When it comes to big ideas, investing guru Cathie Wood has more than a few. As the manager of the Ark Invest family of exchange traded funds (ETFs), Wood boldly predicts Bitcoin (BTC-USD) will be worth $1.5 million by 2030 and Tesla (NASDAQ:TSLA) stock will have a $2,000 per share price tag by 2027. So, Wood is not shy about looking to the future and guessing where the world will be. Her ETFs are representative of some of the most disruptive technologies available. From artificial intelligence (AI), robotics, and autonomous robotaxis to digital payments, electric vehicles, and blockchain technology, they are all part of what Wood says are “technological breakthroughs evolving today and creating the potential for super-exponential growth tomorrow.” So, when she took notice of several digital leisure stocks, so did we. 
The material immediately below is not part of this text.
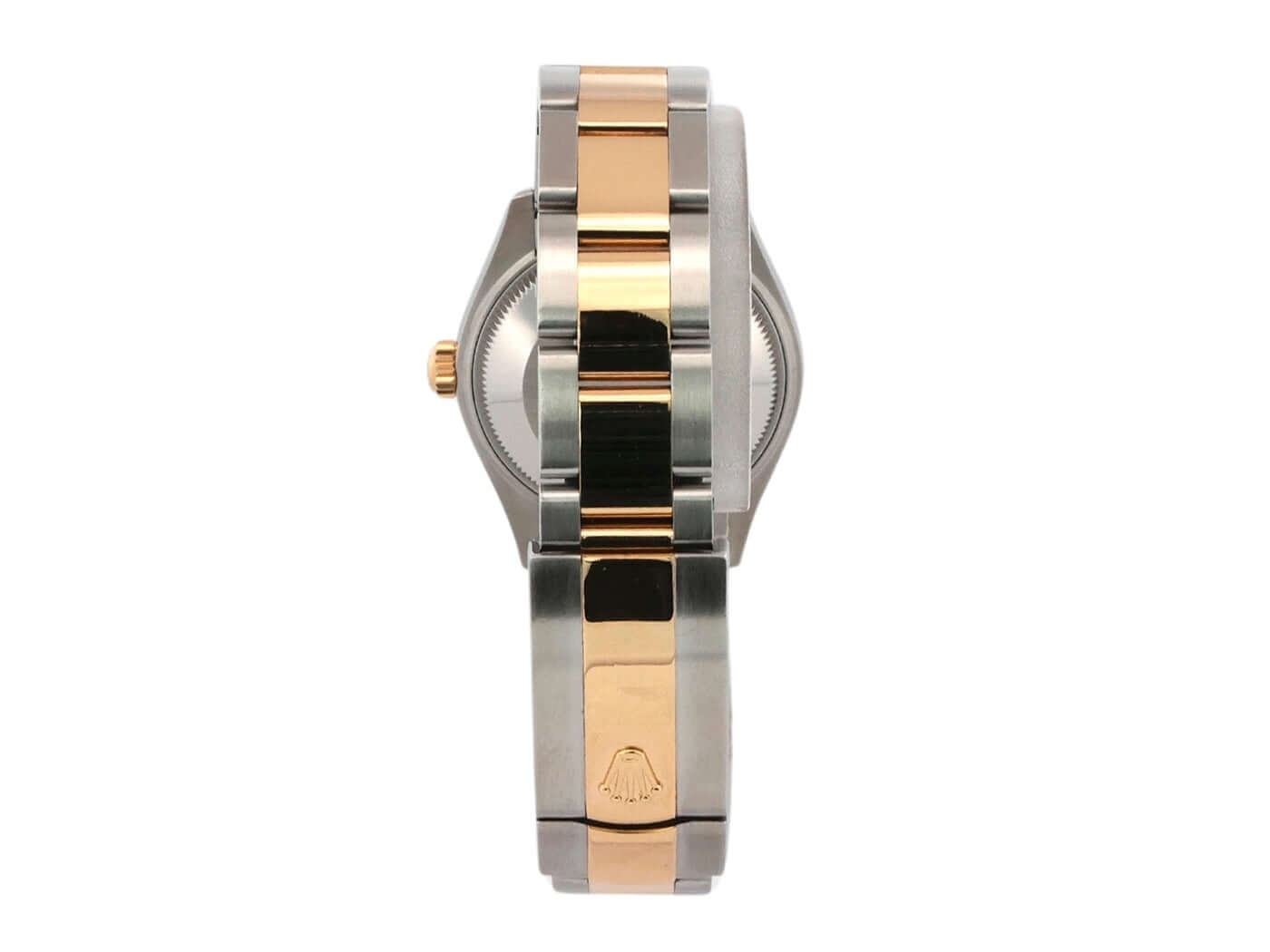 Gehäuse aus Edelstahl poliert und satiniert, Gehäusedurchmesser 31 mm, geriffelte Lünette aus 18 kt Gelbgold, Silberfarbenes Zifferblatt mit römischen Ziffern und Diamanten in der römischen VI, goldene Zeiger, Oyster Edelstahl / 18 kt Gelbgold Armband poliert und satiniert mit Faltschließe, Automatikwerk, Rolex Manufakturkaliber 2236 mit 31 Steine, 28.800 A/h, 55 Stunden Gangreserve, Datum, Chronometer, verschraubte Krone aus 18 kt Gelbgold, kratzfestes Saphirglas, Edelstahlboden verschraubt, Wasserdicht bis zu 10 bar.

Earlier this year she released her Big Ideas 2023 report that’s full of dramatic predictions of life-altering changes to come. One of the boldest forecasts concerns the growth of the digital consumer. That includes spending on online goods and services, non-fungible tokens (NFTs), online sports betting, video game software and services, and streaming video and audio. Expenditures in these fields will grow from not-so-humble beginnings of $6.6 trillion in 2022 to a massive $22.5 trillion opportunity by 2030.

Because the investment possibilities span numerous industries, here are seven of the best digital leisure stocks to buy to capitalize on this immense growth trajectory.

Roku (ROKU)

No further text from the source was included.